Required action: Nothing but an exact copy is asked for: the lines in the material below from the one with "衬衫,45元。波点雪纺衬衫,大V领,修饰脸型,优雅大方。" through the one with "Акумуляторний перфоратор Einhell", pictures excluded.

Available data:
------------------------------------------------------------------------

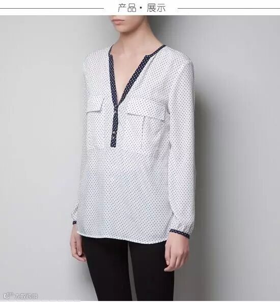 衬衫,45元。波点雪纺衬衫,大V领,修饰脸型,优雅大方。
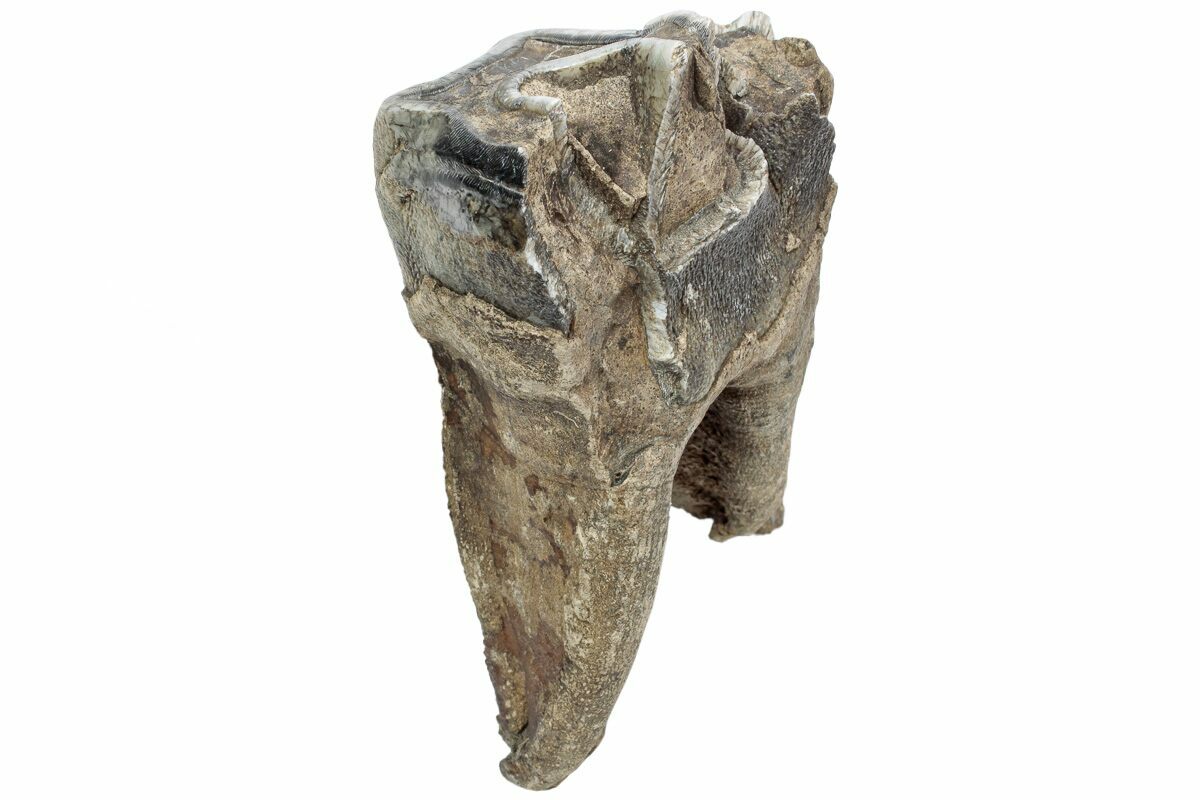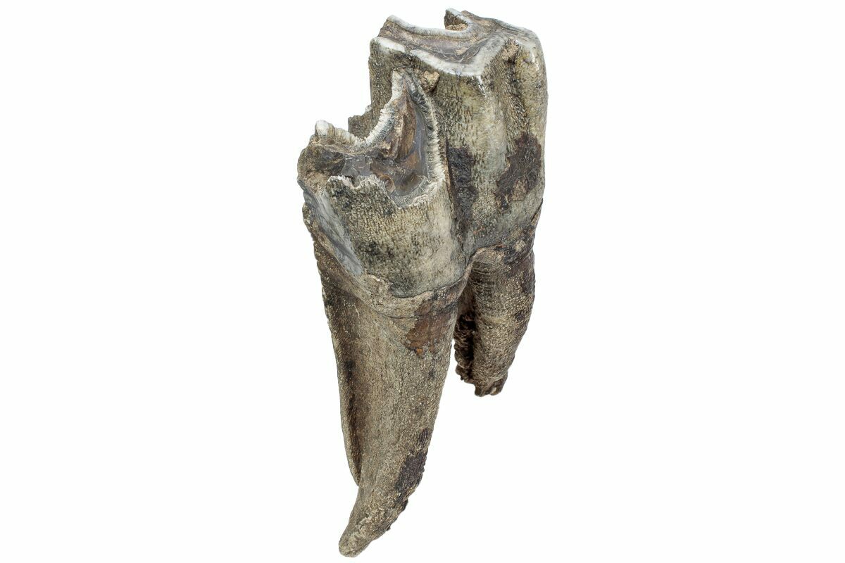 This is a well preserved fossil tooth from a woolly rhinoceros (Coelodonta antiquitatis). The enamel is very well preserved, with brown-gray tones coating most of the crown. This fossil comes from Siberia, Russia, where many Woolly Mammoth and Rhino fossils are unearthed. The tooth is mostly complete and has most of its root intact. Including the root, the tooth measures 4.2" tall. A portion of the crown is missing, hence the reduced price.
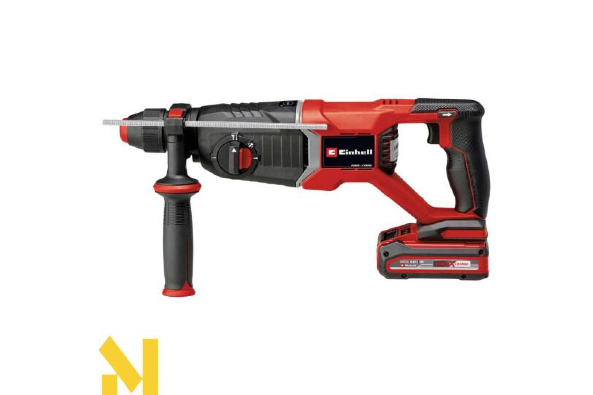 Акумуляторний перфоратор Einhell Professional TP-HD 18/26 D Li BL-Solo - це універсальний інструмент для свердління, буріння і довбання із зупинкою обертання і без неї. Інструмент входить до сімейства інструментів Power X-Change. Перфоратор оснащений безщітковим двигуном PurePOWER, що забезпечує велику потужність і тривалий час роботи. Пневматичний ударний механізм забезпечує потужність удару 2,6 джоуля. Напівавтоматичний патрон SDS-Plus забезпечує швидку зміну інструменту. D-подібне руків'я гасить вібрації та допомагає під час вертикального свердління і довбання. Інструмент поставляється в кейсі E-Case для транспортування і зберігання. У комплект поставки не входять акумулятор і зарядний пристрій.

------------------------------------------------------------------------

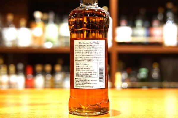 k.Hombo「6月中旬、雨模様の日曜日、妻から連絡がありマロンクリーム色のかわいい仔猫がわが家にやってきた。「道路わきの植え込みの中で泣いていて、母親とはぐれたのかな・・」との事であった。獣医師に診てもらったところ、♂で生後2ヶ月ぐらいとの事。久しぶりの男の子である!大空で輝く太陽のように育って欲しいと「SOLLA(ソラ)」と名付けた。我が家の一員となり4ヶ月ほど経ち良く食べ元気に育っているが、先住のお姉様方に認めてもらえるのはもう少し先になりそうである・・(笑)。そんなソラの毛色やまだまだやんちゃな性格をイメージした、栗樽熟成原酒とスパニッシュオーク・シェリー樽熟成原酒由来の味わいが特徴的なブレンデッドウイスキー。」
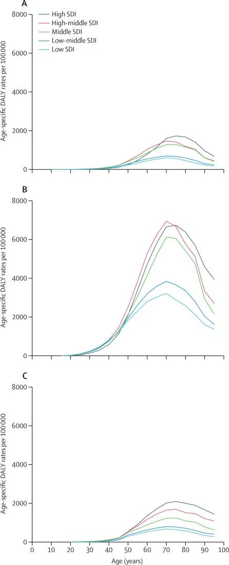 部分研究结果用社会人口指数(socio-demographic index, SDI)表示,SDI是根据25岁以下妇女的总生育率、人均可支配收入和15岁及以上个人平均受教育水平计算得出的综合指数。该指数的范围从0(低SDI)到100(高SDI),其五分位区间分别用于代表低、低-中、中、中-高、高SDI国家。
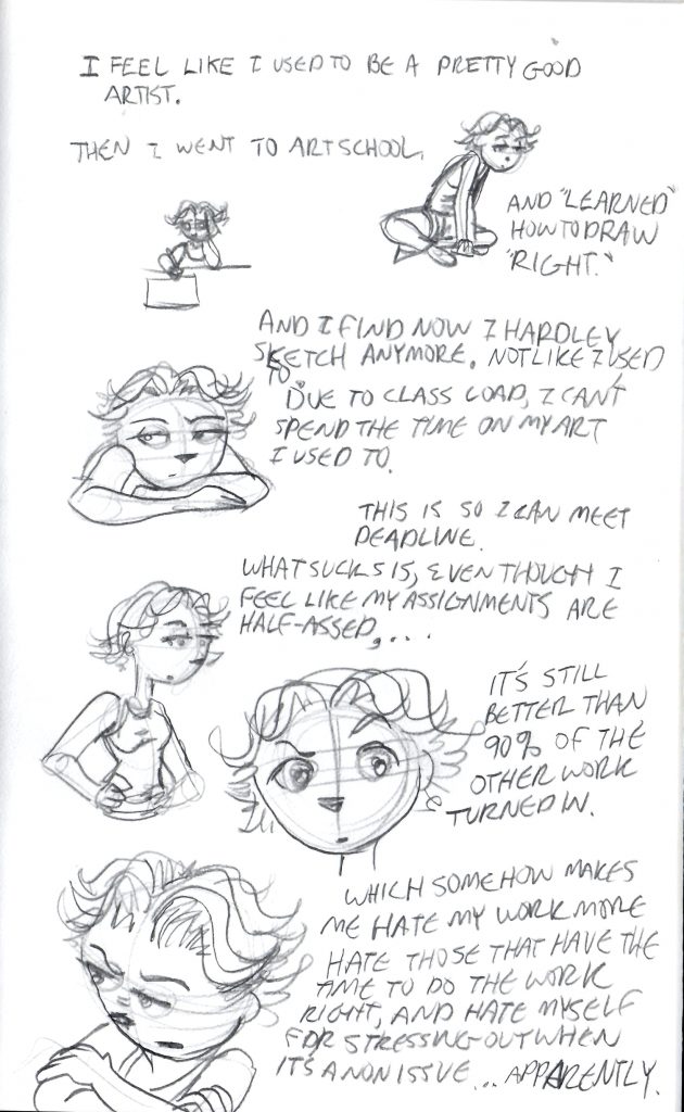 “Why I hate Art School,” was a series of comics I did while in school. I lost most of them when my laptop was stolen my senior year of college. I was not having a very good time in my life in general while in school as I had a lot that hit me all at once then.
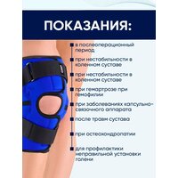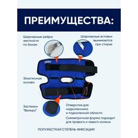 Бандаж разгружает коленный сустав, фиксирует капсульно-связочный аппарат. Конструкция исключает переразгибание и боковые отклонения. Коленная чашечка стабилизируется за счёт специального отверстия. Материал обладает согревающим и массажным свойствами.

------------------------------------------------------------------------

Finished task:
 衬衫,45元。波点雪纺衬衫,大V领,修饰脸型,优雅大方。
 This is a well preserved fossil tooth from a woolly rhinoceros (Coelodonta antiquitatis). The enamel is very well preserved, with brown-gray tones coating most of the crown. This fossil comes from Siberia, Russia, where many Woolly Mammoth and Rhino fossils are unearthed. The tooth is mostly complete and has most of its root intact. Including the root, the tooth measures 4.2" tall. A portion of the crown is missing, hence the reduced price.
 Акумуляторний перфоратор Einhell Professional TP-HD 18/26 D Li BL-Solo - це універсальний інструмент для свердління, буріння і довбання із зупинкою обертання і без неї. Інструмент входить до сімейства інструментів Power X-Change. Перфоратор оснащений безщітковим двигуном PurePOWER, що забезпечує велику потужність і тривалий час роботи. Пневматичний ударний механізм забезпечує потужність удару 2,6 джоуля. Напівавтоматичний патрон SDS-Plus забезпечує швидку зміну інструменту. D-подібне руків'я гасить вібрації та допомагає під час вертикального свердління і довбання. Інструмент поставляється в кейсі E-Case для транспортування і зберігання. У комплект поставки не входять акумулятор і зарядний пристрій.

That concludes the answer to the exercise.